Exhibition organized for the Calvin College (106) South Division Gallery Grand Rapids, MI, in conjunction with Calvin's Wake Up Weekend.
It was my genuine privilege to organize this exhibition in partnership with Matt Halteman and Adam Wolpa, orchestrators of Wake Up Weekend. A series of awareness-raising events hosted annually by Calvin College, WUW is dedicated to advocacy on behalf of all animals, great and small.

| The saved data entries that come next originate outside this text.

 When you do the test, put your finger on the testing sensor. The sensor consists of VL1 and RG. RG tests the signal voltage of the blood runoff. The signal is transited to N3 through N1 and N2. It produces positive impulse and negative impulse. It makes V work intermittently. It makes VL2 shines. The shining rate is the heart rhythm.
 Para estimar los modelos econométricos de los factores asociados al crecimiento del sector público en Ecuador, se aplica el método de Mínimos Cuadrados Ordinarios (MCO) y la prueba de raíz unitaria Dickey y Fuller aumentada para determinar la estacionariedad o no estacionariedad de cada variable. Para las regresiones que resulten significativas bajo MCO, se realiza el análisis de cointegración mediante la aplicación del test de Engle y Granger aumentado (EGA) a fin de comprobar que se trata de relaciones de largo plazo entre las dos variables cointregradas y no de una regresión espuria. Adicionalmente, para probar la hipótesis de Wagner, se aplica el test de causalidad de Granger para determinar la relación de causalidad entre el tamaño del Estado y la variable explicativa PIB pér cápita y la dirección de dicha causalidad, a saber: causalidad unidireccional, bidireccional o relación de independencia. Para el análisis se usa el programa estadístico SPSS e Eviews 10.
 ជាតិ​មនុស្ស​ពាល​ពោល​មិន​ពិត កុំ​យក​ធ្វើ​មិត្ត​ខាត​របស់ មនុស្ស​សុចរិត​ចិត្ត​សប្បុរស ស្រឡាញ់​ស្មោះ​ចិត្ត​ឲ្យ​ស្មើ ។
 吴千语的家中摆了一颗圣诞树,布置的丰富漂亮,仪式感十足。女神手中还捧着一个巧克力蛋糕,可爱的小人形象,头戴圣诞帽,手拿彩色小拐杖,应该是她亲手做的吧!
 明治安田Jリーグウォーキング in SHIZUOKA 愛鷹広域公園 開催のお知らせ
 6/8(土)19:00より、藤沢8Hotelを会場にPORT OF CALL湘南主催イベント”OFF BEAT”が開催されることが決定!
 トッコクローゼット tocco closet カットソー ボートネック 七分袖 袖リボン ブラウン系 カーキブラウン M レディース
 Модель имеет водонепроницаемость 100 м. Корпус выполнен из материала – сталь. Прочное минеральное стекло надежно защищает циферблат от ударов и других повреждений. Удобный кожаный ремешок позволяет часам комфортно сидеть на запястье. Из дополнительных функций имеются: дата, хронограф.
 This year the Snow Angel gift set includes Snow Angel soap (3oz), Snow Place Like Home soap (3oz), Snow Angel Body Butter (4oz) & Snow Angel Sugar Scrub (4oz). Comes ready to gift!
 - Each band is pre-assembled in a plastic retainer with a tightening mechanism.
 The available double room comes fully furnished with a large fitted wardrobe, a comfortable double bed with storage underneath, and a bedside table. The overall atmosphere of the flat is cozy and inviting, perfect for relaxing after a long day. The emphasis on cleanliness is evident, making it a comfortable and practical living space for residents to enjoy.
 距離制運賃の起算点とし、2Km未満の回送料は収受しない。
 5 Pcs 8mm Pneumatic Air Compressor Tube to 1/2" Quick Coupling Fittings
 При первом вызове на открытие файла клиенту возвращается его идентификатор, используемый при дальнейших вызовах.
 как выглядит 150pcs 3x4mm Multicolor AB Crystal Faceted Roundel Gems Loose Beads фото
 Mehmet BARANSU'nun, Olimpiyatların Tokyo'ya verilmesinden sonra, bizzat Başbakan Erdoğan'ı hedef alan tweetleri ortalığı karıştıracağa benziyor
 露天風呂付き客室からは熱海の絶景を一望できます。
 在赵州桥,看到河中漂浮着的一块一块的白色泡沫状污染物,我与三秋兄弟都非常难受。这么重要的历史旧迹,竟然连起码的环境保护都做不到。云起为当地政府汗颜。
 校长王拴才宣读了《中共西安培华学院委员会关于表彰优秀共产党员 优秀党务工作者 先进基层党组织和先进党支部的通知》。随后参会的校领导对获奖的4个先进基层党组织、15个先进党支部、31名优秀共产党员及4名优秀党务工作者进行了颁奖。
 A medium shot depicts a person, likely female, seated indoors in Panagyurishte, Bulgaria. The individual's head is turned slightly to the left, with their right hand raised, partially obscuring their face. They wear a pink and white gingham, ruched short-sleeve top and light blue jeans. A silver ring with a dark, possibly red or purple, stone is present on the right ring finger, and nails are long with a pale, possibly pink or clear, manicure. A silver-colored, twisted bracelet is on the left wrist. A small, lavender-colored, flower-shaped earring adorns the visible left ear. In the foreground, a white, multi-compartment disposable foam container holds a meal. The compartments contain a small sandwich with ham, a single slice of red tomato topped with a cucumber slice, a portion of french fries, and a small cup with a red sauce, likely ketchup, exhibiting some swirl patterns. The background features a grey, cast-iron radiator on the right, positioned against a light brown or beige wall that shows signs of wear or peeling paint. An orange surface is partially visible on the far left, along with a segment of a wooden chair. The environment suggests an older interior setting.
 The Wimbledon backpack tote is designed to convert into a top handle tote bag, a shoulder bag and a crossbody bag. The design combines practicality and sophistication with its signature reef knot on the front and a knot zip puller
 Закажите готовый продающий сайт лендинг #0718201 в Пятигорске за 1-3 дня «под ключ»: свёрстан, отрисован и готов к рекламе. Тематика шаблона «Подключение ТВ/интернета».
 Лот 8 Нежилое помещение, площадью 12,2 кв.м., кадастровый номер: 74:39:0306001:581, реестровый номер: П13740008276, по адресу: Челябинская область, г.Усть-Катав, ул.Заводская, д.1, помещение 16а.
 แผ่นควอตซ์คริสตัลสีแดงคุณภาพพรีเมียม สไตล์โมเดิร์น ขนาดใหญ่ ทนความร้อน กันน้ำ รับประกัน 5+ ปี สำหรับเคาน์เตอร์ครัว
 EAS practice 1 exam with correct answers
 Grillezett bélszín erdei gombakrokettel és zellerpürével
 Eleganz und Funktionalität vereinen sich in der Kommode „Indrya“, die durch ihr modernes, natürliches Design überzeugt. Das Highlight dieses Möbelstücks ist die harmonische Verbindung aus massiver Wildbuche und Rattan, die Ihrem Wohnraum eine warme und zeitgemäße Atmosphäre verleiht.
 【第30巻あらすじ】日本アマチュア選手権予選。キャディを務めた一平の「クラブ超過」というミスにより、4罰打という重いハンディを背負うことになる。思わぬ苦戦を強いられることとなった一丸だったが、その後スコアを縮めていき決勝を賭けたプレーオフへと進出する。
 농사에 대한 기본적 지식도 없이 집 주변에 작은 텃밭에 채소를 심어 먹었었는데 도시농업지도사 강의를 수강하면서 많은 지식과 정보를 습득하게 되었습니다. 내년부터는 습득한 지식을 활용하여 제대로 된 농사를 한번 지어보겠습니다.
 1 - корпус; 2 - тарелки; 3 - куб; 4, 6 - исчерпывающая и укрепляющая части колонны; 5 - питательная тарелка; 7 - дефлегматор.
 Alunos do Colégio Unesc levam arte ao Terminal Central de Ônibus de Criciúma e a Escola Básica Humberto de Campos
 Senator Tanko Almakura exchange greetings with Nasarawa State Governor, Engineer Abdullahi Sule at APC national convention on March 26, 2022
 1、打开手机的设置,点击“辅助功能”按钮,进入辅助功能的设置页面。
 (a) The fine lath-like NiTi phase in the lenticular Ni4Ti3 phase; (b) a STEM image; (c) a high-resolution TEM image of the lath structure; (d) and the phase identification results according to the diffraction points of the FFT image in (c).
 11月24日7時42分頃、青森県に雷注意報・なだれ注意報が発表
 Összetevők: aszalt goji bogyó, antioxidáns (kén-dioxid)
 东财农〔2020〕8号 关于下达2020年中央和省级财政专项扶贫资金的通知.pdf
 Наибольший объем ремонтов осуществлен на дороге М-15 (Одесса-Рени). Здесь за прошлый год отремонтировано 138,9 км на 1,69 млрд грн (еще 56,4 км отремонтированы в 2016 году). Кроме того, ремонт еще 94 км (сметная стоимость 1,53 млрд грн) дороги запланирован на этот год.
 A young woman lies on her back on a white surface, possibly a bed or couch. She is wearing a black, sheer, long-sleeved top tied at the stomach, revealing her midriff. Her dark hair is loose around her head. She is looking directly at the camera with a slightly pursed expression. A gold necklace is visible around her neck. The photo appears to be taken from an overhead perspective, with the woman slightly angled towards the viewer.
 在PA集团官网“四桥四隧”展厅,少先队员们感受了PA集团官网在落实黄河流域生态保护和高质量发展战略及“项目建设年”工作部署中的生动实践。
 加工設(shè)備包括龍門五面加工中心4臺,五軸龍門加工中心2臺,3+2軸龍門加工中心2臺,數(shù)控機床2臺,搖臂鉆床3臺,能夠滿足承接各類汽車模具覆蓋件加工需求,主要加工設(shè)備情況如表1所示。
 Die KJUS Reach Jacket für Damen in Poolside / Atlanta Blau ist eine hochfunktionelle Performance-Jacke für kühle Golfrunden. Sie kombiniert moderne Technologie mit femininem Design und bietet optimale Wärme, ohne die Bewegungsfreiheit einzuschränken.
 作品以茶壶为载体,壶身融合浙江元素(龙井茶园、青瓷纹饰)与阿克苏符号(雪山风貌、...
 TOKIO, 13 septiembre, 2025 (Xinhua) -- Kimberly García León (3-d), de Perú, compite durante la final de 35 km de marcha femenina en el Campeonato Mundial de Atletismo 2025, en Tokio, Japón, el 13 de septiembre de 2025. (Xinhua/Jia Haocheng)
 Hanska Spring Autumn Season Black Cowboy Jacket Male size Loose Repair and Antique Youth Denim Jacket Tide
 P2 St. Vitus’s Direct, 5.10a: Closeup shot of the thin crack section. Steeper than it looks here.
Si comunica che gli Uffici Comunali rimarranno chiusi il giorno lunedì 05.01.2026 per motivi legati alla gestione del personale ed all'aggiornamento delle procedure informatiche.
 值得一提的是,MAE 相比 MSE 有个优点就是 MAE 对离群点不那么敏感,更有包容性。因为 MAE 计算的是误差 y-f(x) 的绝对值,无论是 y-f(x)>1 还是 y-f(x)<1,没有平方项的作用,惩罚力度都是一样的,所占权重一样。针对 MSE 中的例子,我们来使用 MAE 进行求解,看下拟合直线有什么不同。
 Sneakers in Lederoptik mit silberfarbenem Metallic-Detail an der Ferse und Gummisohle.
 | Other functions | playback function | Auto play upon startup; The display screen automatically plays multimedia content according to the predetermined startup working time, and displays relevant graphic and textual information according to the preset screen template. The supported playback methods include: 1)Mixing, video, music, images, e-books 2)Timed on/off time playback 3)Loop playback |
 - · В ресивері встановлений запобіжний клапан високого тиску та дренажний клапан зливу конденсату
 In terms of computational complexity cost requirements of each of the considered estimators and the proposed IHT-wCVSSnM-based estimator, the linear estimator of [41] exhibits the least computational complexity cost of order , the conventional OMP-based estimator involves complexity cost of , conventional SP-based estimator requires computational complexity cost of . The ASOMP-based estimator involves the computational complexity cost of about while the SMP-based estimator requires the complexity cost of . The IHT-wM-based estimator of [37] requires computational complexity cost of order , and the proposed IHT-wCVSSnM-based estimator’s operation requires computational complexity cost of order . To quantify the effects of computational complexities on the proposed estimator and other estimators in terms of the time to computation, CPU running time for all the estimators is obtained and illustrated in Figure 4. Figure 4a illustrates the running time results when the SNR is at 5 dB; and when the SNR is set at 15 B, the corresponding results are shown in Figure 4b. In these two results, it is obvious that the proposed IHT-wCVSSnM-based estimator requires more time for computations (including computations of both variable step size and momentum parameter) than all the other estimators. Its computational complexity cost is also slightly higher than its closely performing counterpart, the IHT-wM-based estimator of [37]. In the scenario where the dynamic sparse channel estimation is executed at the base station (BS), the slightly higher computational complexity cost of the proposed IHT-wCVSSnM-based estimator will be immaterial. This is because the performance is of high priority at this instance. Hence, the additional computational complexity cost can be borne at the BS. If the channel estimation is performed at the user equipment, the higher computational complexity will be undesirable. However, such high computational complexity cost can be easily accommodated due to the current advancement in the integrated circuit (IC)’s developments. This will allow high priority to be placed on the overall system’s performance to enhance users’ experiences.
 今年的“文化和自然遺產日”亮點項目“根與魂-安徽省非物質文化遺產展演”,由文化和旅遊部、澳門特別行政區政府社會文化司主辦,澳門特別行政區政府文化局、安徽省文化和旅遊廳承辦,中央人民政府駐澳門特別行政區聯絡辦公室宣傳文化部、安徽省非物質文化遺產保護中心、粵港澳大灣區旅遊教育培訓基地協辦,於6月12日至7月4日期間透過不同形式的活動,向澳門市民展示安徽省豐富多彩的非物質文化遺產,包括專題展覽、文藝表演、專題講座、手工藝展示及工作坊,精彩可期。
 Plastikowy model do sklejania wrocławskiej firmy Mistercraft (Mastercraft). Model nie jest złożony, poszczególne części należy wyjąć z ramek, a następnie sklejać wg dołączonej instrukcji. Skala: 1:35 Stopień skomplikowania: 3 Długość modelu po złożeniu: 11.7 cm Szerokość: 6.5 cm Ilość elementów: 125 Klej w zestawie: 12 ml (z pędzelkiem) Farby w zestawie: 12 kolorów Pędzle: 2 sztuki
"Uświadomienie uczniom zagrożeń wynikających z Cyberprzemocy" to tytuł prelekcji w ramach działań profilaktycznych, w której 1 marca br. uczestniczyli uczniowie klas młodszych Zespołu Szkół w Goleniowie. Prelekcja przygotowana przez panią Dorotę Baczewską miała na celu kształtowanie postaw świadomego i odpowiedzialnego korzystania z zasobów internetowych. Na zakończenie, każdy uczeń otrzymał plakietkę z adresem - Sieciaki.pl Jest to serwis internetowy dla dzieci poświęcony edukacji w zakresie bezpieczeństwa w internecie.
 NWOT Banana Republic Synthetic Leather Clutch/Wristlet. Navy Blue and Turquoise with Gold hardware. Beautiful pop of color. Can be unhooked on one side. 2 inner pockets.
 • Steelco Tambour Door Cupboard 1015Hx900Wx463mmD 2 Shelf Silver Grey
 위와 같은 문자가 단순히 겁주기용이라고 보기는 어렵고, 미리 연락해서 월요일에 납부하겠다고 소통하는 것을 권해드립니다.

Over the course of their careers each of the artists assembled for Kinship has produced images concerned with the welfare of our planet and those we share it with. While many of the works on display do not overtly address the issue of animal rights, all serve to illustrate how deeply we connect to our nonhuman relatives. We clearly admire the intellect and beauty of other species, empathize with their pain and take solace in their company…yet still imprison them, harvest their skin and bones and plunder their habitats for our own development. At minimum, such actions are an expression of grossly self-serving values; at worst, they suggest psychosis on a societal scale.
I believe in a sea change – a slow, inexorable transformation in our understanding and behavior – and often feel adrift somewhere in the midst of it. As a nation we are increasingly interested in the origins of our food, and we are equally if not more invested in our companion animals. Other species have become our extended family in an era when we routinely find ourselves estranged through geographic circumstances, isolated by our work. Divorce rates have risen and all manner of familial configuration has been destabilized due to economic and environmental stress. Through this, the non-human animals we share our homes with have become our lifelines, emotionally, spiritually, even materially.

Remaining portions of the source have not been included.